Since these are data dependency indicators and not strong directives, it’s easy to see that something like readonly(discard_before) on some node parameter could never map to a discard recorded by that node. Such a discard constitutes a write, and of course, a readonly access on a view may not write to the viewed resource. For discard arguments to readonly attributes, a discard operation would only be recorded if any surrounding runtime command nodes have write access to the same subresource range. This is because if some runtime command has an attribute with discard_before, RPS may patch a previous command if appropriate with discard_after.

The other sort of attribute arguments describe a particular access type. The example discussed in the first tutorial part was rendertarget. It was explained that nodes accessing the resource with this access would ensure the resource is able to be accessed as a render target view by the node, and that this results in potential state/layout transitions by the runtime backend.

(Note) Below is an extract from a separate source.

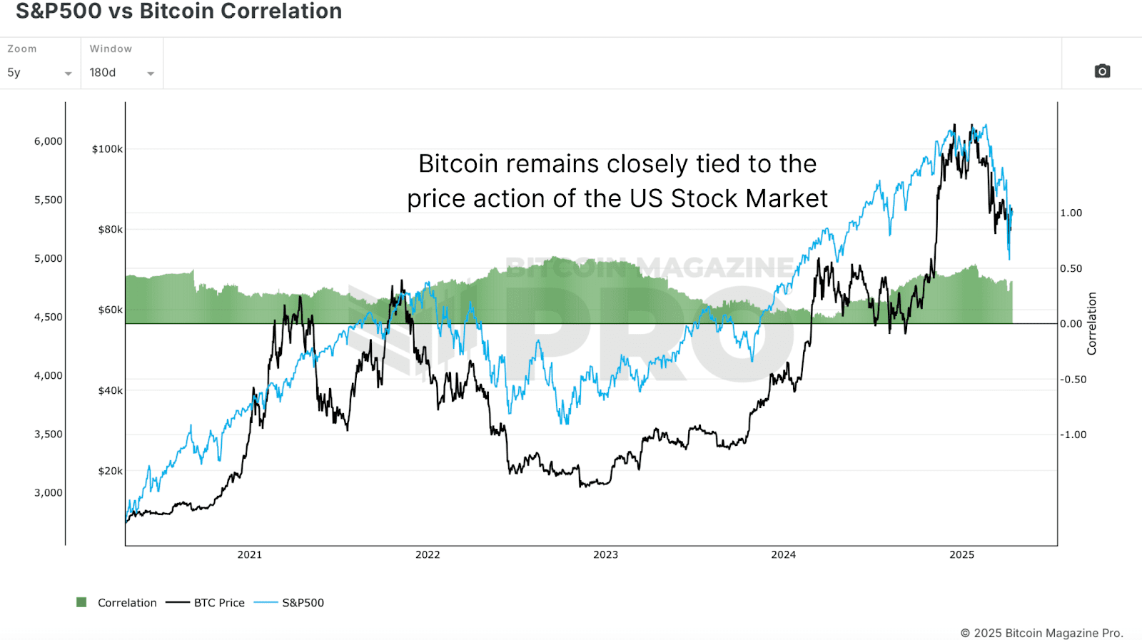 Despite bullish on-chain indicators, macro headwinds pose risks to the 2025 Bitcoin price. The S&P 500 vs. Bitcoin Correlation chart shows Bitcoin remains tightly linked to U.S. equities. With fears of a global recession growing, weakness in traditional markets could cap Bitcoin’s near-term rally potential.
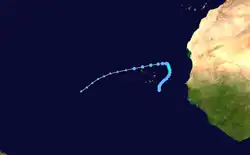 A tropical wave moved off the western coast of Africa on October 2 and spawned an area of disturbed weather that steadily organized as it moved northward between Africa and Cabo Verde. It became a tropical depression at 12:00 UTC on October 3 and maintained that strength for a few days. On October 7, a ship measured 40 mph (64 km/h) winds, the impetus for upgrading the depression to Tropical Storm Kendra. The organized nature of the system on satellite imagery suggested it may have become a tropical storm as early as October 4, but the sparsity of observations precluded an upgrade. The cyclone curved toward the southwest and began to weaken as its convection dissipated. At 00:00 UTC on October 10, it degenerated to a remnant low which dissipated into an open trough over the central Atlantic the next day. Kendra has been the focus of multiple analyses, as it was originally classified as a tropical storm, revoked as a tropical cyclone in post-season review, and finally re-designated as a tropical storm during reanalysis.[12]

In general, all of what would be required as per the graphics API to access this resource as a render target view is handled by the RPS runtime. This means that for example on the DX12 side, the resource must be created with D3D12_RESOURCE_FLAG_ALLOW_RENDER_TARGET.

So in fact, there is an additional contract between the user and RPS. When providing external resources, you need to ensure that the resource can be accessed as per how it is used in the render graph.

Aside from a particular access type, attribute arguments are also used to specify pipeline stages the resource is to be accessible by. For example, one of the snippets used above was [readwrite(ps, cs)], which indicates that the viewed subresource range is accessible by the pixel and compute shader pipeline stages. These access attribute types are used e.g. by some runtime backends to establish the appropriate synchronization scopes to use within explicit API barriers.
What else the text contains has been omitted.